Washington pede por cooperação no Egito

Esta declaração foi feita após o afastamento do marechal Tantawi e da anulação das prerrogativas políticas assumidas pelos militares, o que fortaleceu o presidente Mursi

No avião – Os Estados Unidos pediram nesta segunda-feira que os militares e o governo trabalhem juntos no Egito, após a aposentadoria do poderoso ministro da Defesa e chefe do Exército, o marechal Hussein Tantawi, pelo presidente Mohamed Mursi.

“É importante que os militares e os civis trabalhem em conjunto para resolver os desafios econômicos e de segurança que o Egito enfrenta”, disse o porta-voz da Casa Branca, Jay Carney, acrescentando: “Esperamos que o anúncio do presidente Mursi vá beneficiar o povo egípcio”.

Esta declaração foi feita após o afastamento do marechal Tantawi e da anulação das prerrogativas políticas assumidas pelos militares, o que fortaleceu o presidente egípcio.

A imprensa egípcia descreveu como “revolucionárias” essas decisões, enquanto alguns meios de comunicação estão preocupados em ver Mursi, da Irmandade Muçulmana, concentrar o poder em suas mãos.

Tantawi foi substituído por Abdel Fattah al-Sissi, já conhecido pelos Estados Unidos por causa de suas funções anteriores.
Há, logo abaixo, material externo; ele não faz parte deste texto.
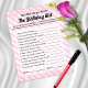 Testez vos connaissances et voyez à quel point vous connaissez bien la fille d'anniversaire avec How Well Do You Know the Birthday Girl? Jeu de fête personnalisable ! Doté d'un design ludique avec des rayures roses et des accents de parties scintillant, ce jeu ajoute une touche amusante à toute célébration d'anniversaire. Les invités répondent à une série de questions personnalisables sur la fille d'anniversaire, et la personne avec les réponses les plus correctes gagne! C'est une façon fantastique de briser la glace et de créer des souvenirs durables. Idéal pour les anniversaires, les douches, et plus encore, ce jeu fera divertir et rire tout le monde. Personnalisez les questions pour rendre le jeu encore plus spécial et adapté à votre événement!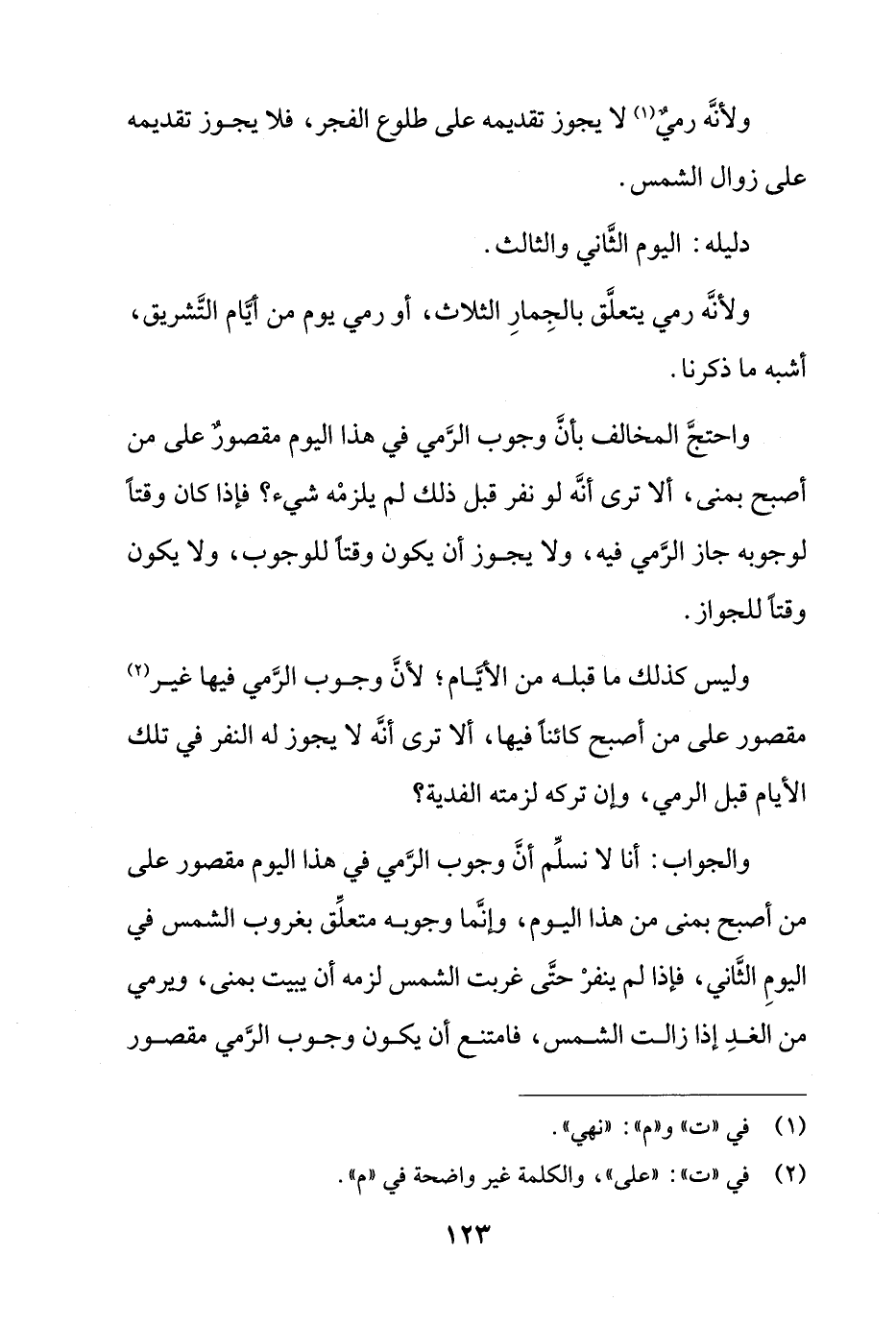 والجواب: أنا لا نسلم أن وجوب الرمي في هذا اليوم مقصور على من أصبح بمنى من هذا اليوم، وإنما وجوبه متعلق بغروب الشمس في اليوم الثاني، فإذا لم ينفر حتى غربت الشمس لزمه أن يبيت بمنى، ويرمي من الغد إذا زالت الشمس، فامتنع أن يكون وجوب الرمي مقصور

Sua nomeação é bem-vinda, declarou Jay Carney.

“Nós esperamos que o presidente Mursi entre em coordenação com os militares para nomear uma nova equipe para o Ministério da Defesa e vamos continuar a trabalhar com os líderes civis e militares do Egito para avançar sobre os diversos pontos de interesse” , retomou o porta-voz da Casa Branca.
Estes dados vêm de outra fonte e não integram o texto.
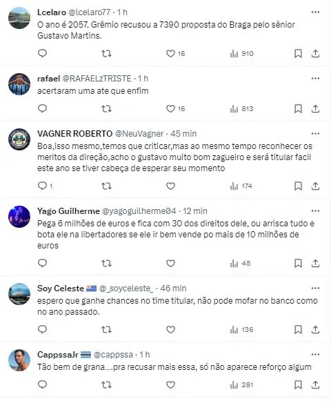 Desta forma, o Grêmio seguiu o que projetou para o zagueiro de 21 anos. Afinal, a multa rescisória de Gustavo Martins é muito acima de tais valores. O jogador é um dos mais promissores ativos do Clube, que tem 90% dos direitos econômicos do atleta.

Esta reviravolta dramática acontece enquanto, no plano da segurança, o Egito enfrenta uma grave crise no Sinai, onde 16 de seus guardas fronteiriços foram mortos em 5 de agosto, perto da fronteira com Israel e a Faixa Gaza. O Exército egípcio vem realizando uma grande ofensiva contra os “elementos terroristas” na península.

Mursi, de fato, acabou com a tutela imposta pelo Conselho Supremo das Forças Armadas (CSFA). Este órgão tinha atribuído para si o Poder Legislativo em junho, logo após a dissolução da Assembleia dominada pelos islamitas, o que limitava consideravelmente a margem de manobra do presidente eleito.